Одно меня беспокоит, в ее письмах ни слова о возвращении. А я скучаю. Так скучаю, что реши она вернуться и Жермена своего за собой приволочь, я их обоих, хоть умру, но встречу с лаской да приветом. Кто я такая, штобы указывать ей кого любить, а кого нет? Не мое это дело. Мое дело смотреть, штобы моя любовь была крепкая да верная.

Мистер __ меня намедни спрашивает, чево я так сильно Шик люблю. Сам он мне говорит, будто любит ее за то, какая она. В ней, говорит, больше мужества, чем в ином мужике. Она прямая, честная, всегда чево думает, то и говорит, а там пусть хоть черти съедят. Ты знаешь, Шик и драться может, совсем как София, говарит он. Она должна сама свою жизнь делать и за свое стоять.

Мистер __ думает, на это только мущины годные. А вот Харпо не такой, говарю я. И ты не такой. Шик такая, потому как она женщина, я так полагаю, говорю я ему. София тому подтверждение.
Шик и София не похожи на мужиков. Однако и на баб тоже не похожи, говорит он.
Ты хочешь сказать, они на меня да на тебя не похожи, говарю ему.
Они бьются за себя, он говорит. В этом вся разница.

А мне ндравится Шик больше всего за то, што ей пережить пришлось. Плюс, она понимает, чево именно ей пережить, перевидеть да переделать пришлось. По ее глазам видно.
Твоя правда, говорит Мистер __.
И ежели ты у ее на пути стоиш, она тебе честно скажет.

Аминь, говорит он. А потом вдруг взял и сказал такое, што меня сильно удивило, столько в его словах было рассуждения. Коли говарить о том, кто чево делает со своим телом, говорит он мне, тут я не берусь судить. Тут бабушка надвое сказала. А коли про любовь говорить, тут гадать неча. Знаю по опыту. И слава Богу, Он дал мне ума понять, что любовь не запретить, хоть сколько хош стони да ной. Ты любишь Шик Эвери, и мне то не удивительно. Я сам ее всю жизнь любил.
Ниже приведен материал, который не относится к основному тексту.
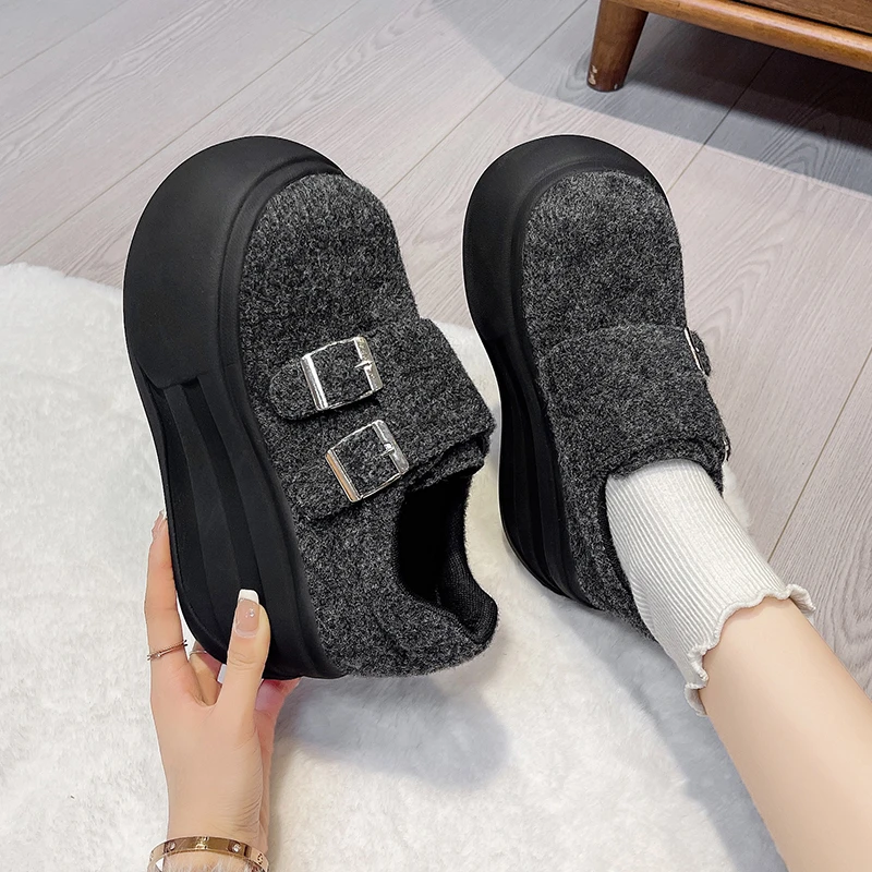 Zachte Verhoogde Hoogte Schoenen Vrouw 2026 Klompen Platform Loafers Bont Slip-on Nieuwe Creepers Winter Slip Op Verhoogde Interne Sneeuw

Какой кирпич на тебя сваливши? спрашиваю я его.
Жисть, говорит он. Знаеш, до кажного, наверное, рано или поздно допрет. Коли смерть раньше не поспеет. А до меня стало доходить, как мне Шик сказала, будто бью я тебя за тем, што ты не она.
Это я ей сказала, говорю я.

Знаю, говорит, И не виню. Кабы мул умел говорить, так тоже бы сказал пару слов про своих погонщиков. Так ведь знаеш, некоторые бабы были бы рады такое услышать. Шик так к Анни Джулии относилась. Уж сколько моя первая жинка от нас обоих натерпелась. А никому не жалилась. И сказать-то ей было некому. Ее семейка, как замуж ее отдали, и думать про ее забыли. Будто ее и не было. Я ее не хотел в жены, я хотел Шик, да только папаша мой всем заправлял тогда. На какой хотел меня женить, на той и женил.

Так вот, Шик, нет штобы обрадоваться, за тебя вступилась. Ты, говарит, Альберт, обидел дарагово мне человека. Считай, што меня для тебя больше не существует. Я ушам своим не поверил. Нас же тогда страсть как друг к другу еще тянуло. Извини, коли чево не так сказал, но это сущая правда, говарит он мне. Я хотел все шуткой обернуть, да она-то всерьез говорила.

Я дразнить ее пробовал. Ты что, старую дурынду Сили любиш, что ли? говарил я ей. Она же уродина да еще к тому же костлявая как смерть и вобще тебе в подтирки не годится. И даже трахаться не может.
Зачем только и сказал? А с чево ей и уметь, Шик мне говорит. Ты как кролик запрыгнул да спрыгнул. Плюс к тому, Сили мне сказала, не моешься ты. И носом повела.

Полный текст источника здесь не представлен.